### [Task requirements]
Starting at the line that has "다음 설정을 통해 노출된" and stopping after the line that has "台北は小雨混じりの天候となっ", reproduce the listing below exactly; omit everything else.

### [Dataset extract]
══════════

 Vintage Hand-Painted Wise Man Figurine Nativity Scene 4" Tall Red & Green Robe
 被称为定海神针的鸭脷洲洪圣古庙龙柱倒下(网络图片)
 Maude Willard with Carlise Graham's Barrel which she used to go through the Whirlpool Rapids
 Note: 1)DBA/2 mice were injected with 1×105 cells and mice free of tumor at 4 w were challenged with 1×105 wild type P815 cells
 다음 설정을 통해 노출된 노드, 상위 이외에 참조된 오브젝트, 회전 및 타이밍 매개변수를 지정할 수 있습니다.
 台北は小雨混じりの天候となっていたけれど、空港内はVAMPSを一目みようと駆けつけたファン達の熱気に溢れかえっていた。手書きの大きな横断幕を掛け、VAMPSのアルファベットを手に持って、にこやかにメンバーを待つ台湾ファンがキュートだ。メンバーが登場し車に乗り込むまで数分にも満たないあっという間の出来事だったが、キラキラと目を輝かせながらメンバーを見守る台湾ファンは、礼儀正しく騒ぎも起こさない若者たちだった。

══════════

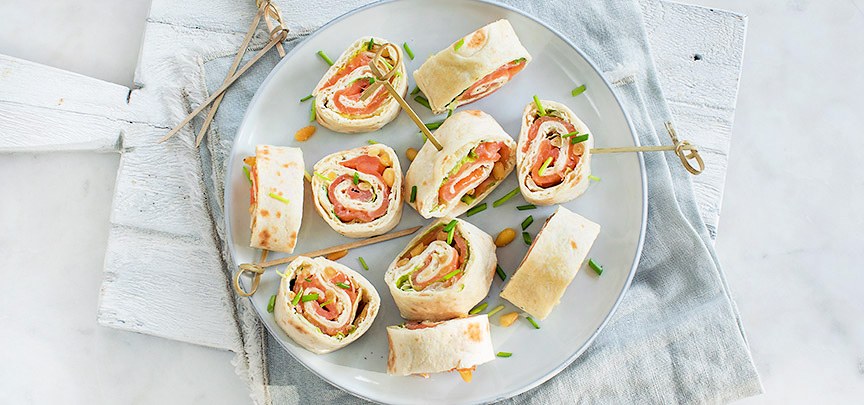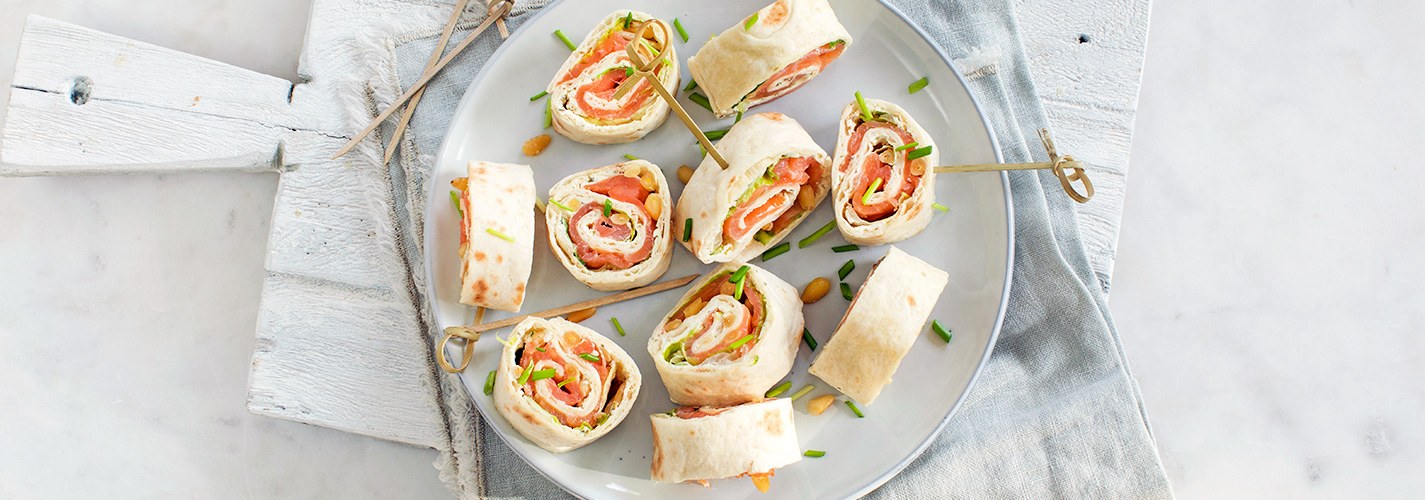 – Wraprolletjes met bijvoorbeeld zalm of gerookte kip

══════════

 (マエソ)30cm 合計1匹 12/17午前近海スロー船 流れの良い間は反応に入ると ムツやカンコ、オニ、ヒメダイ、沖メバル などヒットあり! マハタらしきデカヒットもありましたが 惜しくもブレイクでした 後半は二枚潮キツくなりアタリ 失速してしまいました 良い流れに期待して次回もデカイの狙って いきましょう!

══════════

### [Result of this task]
 다음 설정을 통해 노출된 노드, 상위 이외에 참조된 오브젝트, 회전 및 타이밍 매개변수를 지정할 수 있습니다.
 台北は小雨混じりの天候となっていたけれど、空港内はVAMPSを一目みようと駆けつけたファン達の熱気に溢れかえっていた。手書きの大きな横断幕を掛け、VAMPSのアルファベットを手に持って、にこやかにメンバーを待つ台湾ファンがキュートだ。メンバーが登場し車に乗り込むまで数分にも満たないあっという間の出来事だったが、キラキラと目を輝かせながらメンバーを見守る台湾ファンは、礼儀正しく騒ぎも起こさない若者たちだった。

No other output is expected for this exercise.